The paper provides the first demonstration that CASTs can insert large pieces of DNA “at appreciable levels in human cells,” and it “plants a flag” for the efficiency of the approach, says molecular geneticist Shondra Miller of St. Jude Children’s Research Hospital. Stanley Qi, a bioengineer at Stanford University, praised the team’s “impressive work in directed evolution of key protein components.”

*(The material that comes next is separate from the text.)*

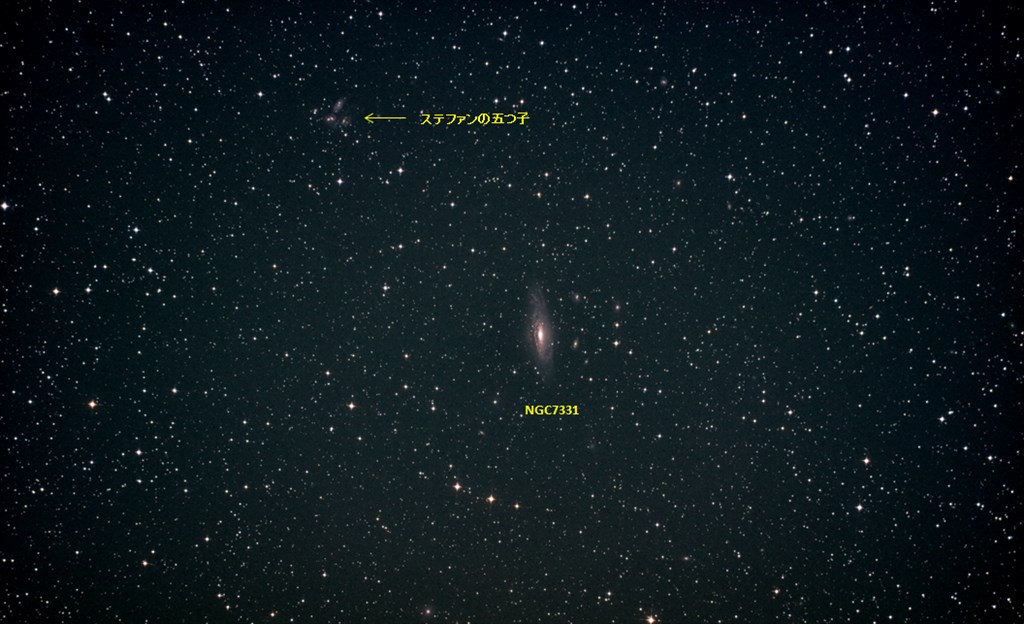 NGC7331とステファンの五つ子 2025.11.22 2025年11月22日 19h33m 120sec × 20exp ISO6400 MT160+レディユーサー(775㎜ F4.8) EM200 PENTAX K70 皇座山本命のステファンの五つ子よりも、位置の目印としたNGC7331の方が目立ってしまいました。(トリミングあり。 何倍相当かわかりません。w)

The study “is a tour de force in terms of engineering,” says gene therapy researcher Luigi Naldini of San Raffaele University School of Medicine, but “there’s a way to go for clinical translation.” CASTs are relatively large, which could make it hard to get them into patient cells. Delivering CASTs to the right tissues in the body could also be difficult. And Liu notes that researchers may have to contend with cells’ natural defenses against pathogens. “Many cells object to having large pieces of DNA inserted into them. They think they are under viral attack.”

Scientists are developing other methods for adding big pieces of DNA to the human genome, including a technique known as PASSIGE that Liu and colleagues unveiled in 2021, which relies on a DNA-swapping enzymes called recombinases instead of CASTs. “It’s too early to say what’s going to be the best technology,” Sternberg says. But now researchers “have the opportunity to compare them head-to-head.”